‘I’m not an artist, I’m a mathematician’

Last week pupils across the GDST enjoyed an inspiring week of STEAM activities, based on the work of the artist M.C.Escher.

GDST Junior Maths Conference 2021

Led by our Trust Consultant Teacher for Maths, Rebecca Brown, pupils in Year 6 were invited to take part in a range of activities blending maths and arts and encouraged to share their work through the virtual platform, Flipgrid. Pupils experimented making infinity triangles, creating tessellations and platonic solids and tested their mental maths skills in the GDST-wide quiz.

Speaking about the event, Rebecca said it was a delight to see the engagement and enthusiasm from pupils as they explored the beauty and depth of mathematics beyond the curriculum. They worked on various creative challenges that explored symmetry, tessellations, 3D models and nets. Sharing their findings with other pupils across the GDST family, they showed how collaboration and creativity are at the heart of mathematical practice, embracing the art of play in the subject and breaking down the barriers and perceptions that mathematics is not for everyone.

On Friday pupils enjoyed a fabulous interactive session led by the Maths communicator, Zoe Griffiths. In her talk, Zoe shared some mind-boggling shape tricks to introduce her three favourites; the sphere, the rectangle and the Mobius loop.

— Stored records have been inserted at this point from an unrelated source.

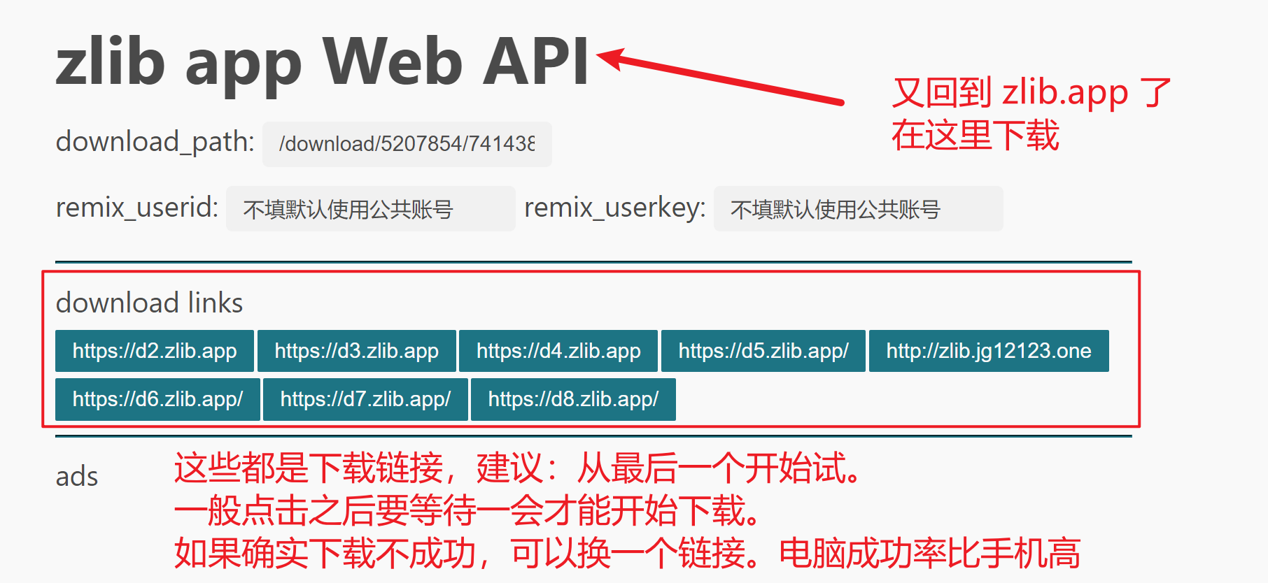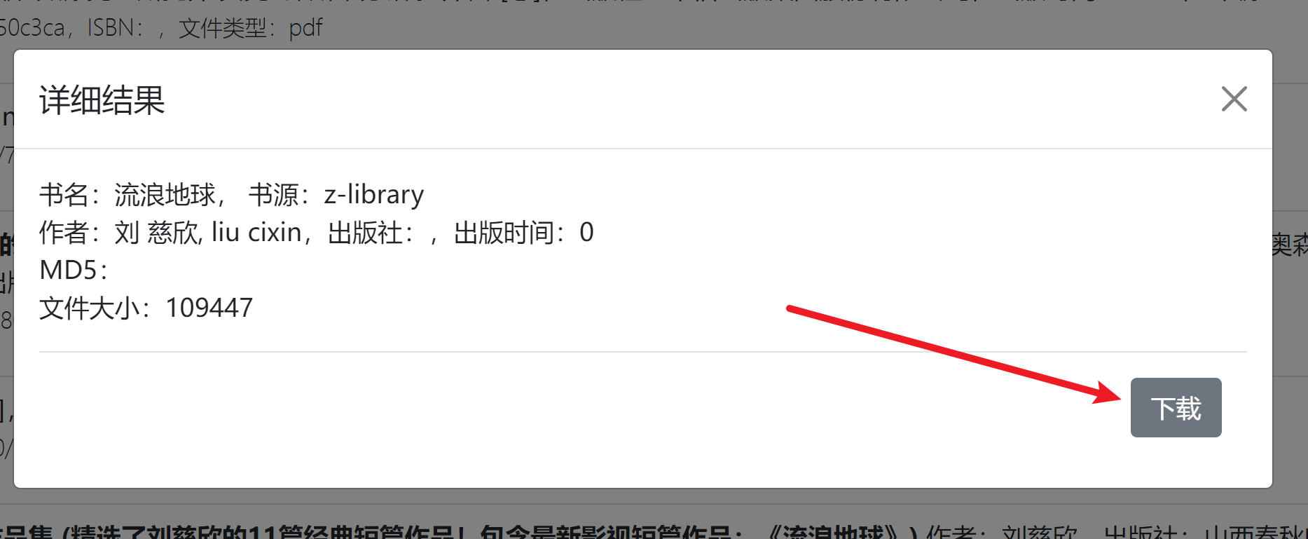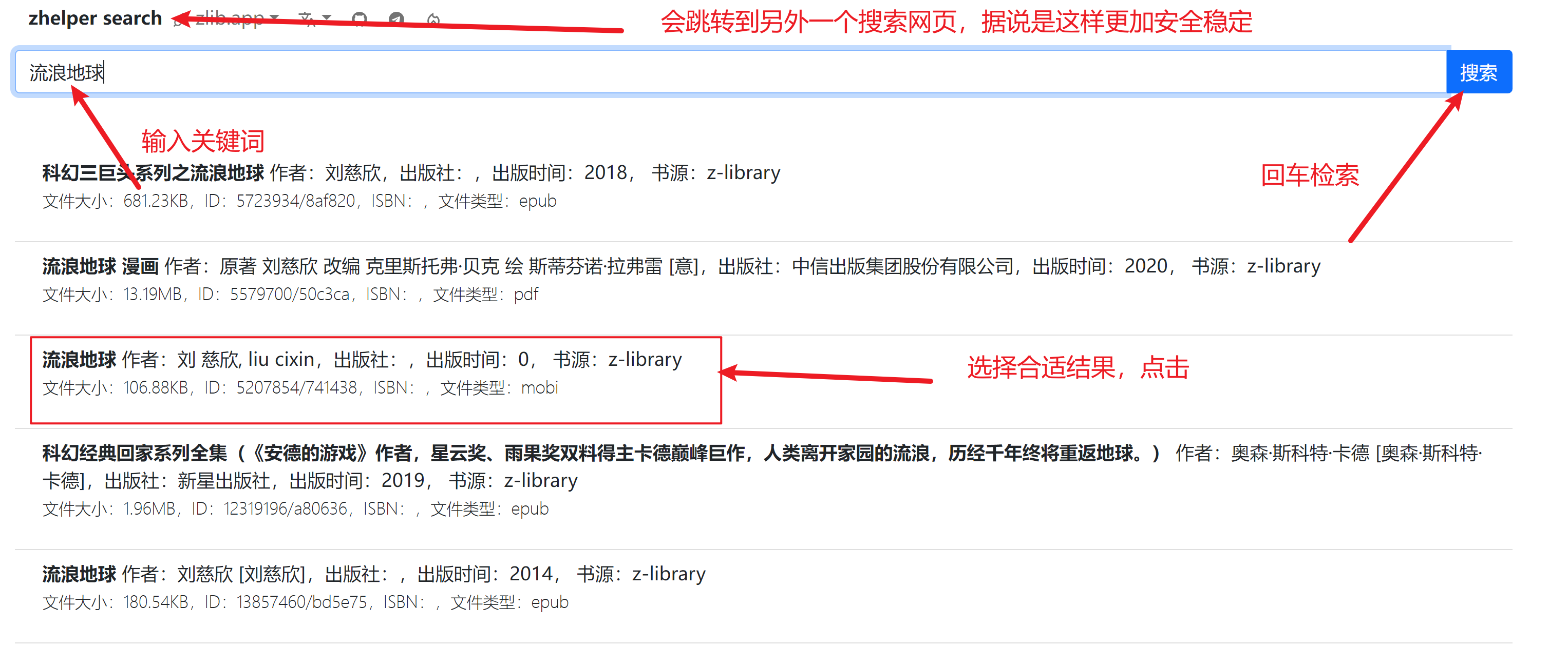 Welcome YiBook Project! 欢迎来到易书计划 :tada:/ 文章/ zlib.app:直接接入 zlibrary 官方服务器的网页版搜索工具/ zlib.app:直接接入 zlibrary 官方服务器的网页版搜索工具 27 一月 2023·1 分钟 Table of Contents 使用教程 zlib.app 是一个直接接入了 zlibrary 官方服务器的,相较目前其他解决方案,其书库更大、对冷门书籍的支持更好,且包括了2023年新上传的书籍。 使用教程 # 打开官网 建议:可以先看一下说明 然后翻到上面,点击打开搜索界面 弹出这个网站,搜索: 点击下载后回到第一个网站,建议从最后一个开始试,因为大部分人会从第一个开始用,前面的网址就很挤:
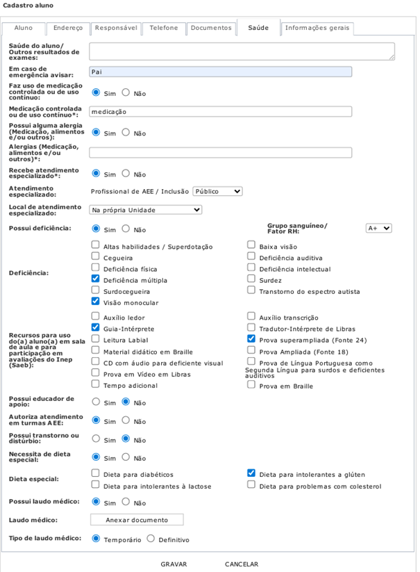Aba Saúde – Tela destinada aos dados de saúde do aluno.
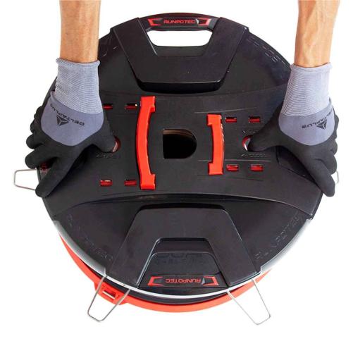 Le dérouleur de câble X Board est un appareil universel pour le déroulage des tourets avec tous les types de câbles et tuyaux. Supportant des charges importantes, le dérouleur X board est adapté aux tourets même endommagés. Ses 12 pieds caoutchoutés garantissent une position non-glissante et sécuritaire du dérouleur lors de son utilisation.
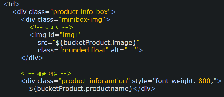 알고 보니 제가 데이터를 장바구니 View단에 뿌려줄 때
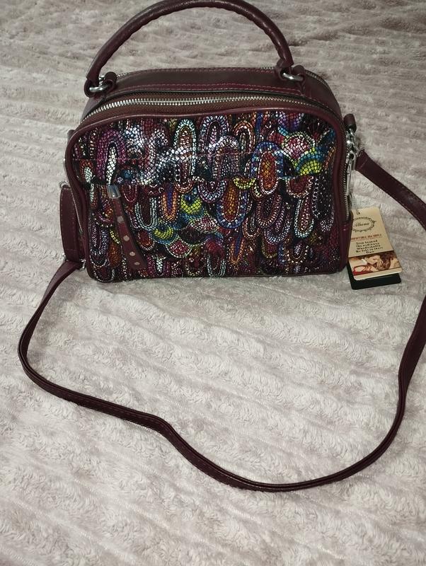 Новая сумка.Производитель Греция.Ширина-28см, высота 19см.Одное большое отделение, внутри по центру небольшое на замке, спереди и сзади тоже по одному отделению на замочке

Pupils explored the magic of maths and an introduction to theorems such as the one cut theorem, cutting any straight sided shape with from only one cut, a trick for all to enjoy (ask a Y6 pupil to enlighten you!).

The week culminated in an GDST cross-school collaborative quiz with some hugely challenging Maths puzzles. Well done to the winning team from Northwood College for Girls who answered some fiendishly difficult questions.

The junior Maths conference is one of many events designed and run across the GDST which show Maths as fun and engaging. STEM (Science, Technology, Maths and Engineering) subjects are most definitely not off limits to GDST pupils, 9.2% of whom went on in 2020 to read medicine or dentistry; 4.6% to read the physical sciences (including physics and chemistry); 3.1% to read engineering, 3.2% maths or computer sciences. All of these figures are well above national girls’ participation rates in these subjects.